Causal Learning for Heterogeneous Subgroups Based on Nonlinear Causal Kernel Clustering
Lu Liu, Yang Tang, Kexuan Zhang, Qiyu Sun
TL;DR
This work tackles heterogeneity in causal relations across subgroups within multi-source observational data. It introduces a nonlinear Causal Kernel Clustering (CKC) framework that uses a $u$-centered sample mapping function to map samples into a high-dimensional space isomorphic to the causal graph space, enabling unbiased estimation and subgroup discovery. A nonlinear causal kernel built on the mapped representations clusters samples by their causal structure, and the authors establish space isomorphism and causal identifiability to justify the approach.

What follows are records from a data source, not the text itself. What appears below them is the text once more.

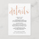 Dreamy meets rustic with this simple and elegant wedding details card in rose gold. Add your own wording into the template below the beautiful script heading. This card is part of our 'Anne & Oliver' range - check the full range out in our store!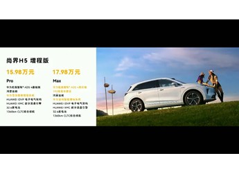 动力部分,尚界H5提供纯电动和增程式两种选择,搭配HUAWEI XMOTION数字底盘,驾乘体验十分出色。其中,增程版车型搭载1.5L增程专用发动机,最大功率72kW,电动机总功率150kW,总扭矩350N·m,匹配能量为32.6kWh的磷酸铁锂电池,CLTC纯电续航里程为235km;纯电版车型搭载后置单电机,根据配置不同,电动机总功率分别为150kW和180kW。匹配磷酸铁锂电池和三元锂电池,CLTC纯电续航里程共有525km、535km、640km和655km四个版本。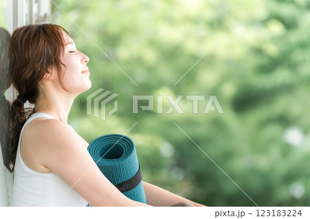 森・公園でヨガマットを持って深呼吸・森林浴する女性(ヨガ・ピラティス・ヘルスケア・リフレッシュ)

Empirical results on synthetic data and real-world IOD and Boston Housing data demonstrate CKC’s ability to identify heterogeneous subgroups and enhance downstream causal learning, including early causal-warning signals. The framework provides a flexible, plug-in module for improving causal inference in the presence of distribution shifts and diverse environments.
Abstract
Due to the challenge posed by multi-source and heterogeneous data collected from diverse environments, causal relationships among features can exhibit variations influenced by different time spans, regions, or strategies. This diversity makes a single causal model inadequate for accurately representing complex causal relationships in all observational data, a crucial consideration in causal learning. To address this challenge, the nonlinear Causal Kernel Clustering method is introduced for heterogeneous subgroup causal learning, highlighting variations in causal relationships across diverse subgroups. The main component for clustering heterogeneous subgroups lies in the construction of the $u$-centered sample mapping function with the property of unbiased estimation, which assesses the differences in potential nonlinear causal relationships in various samples and supported by causal identifiability theory. Experimental results indicate that the method performs well in identifying heterogeneous subgroups and enhancing causal learning, leading to a reduction in prediction error.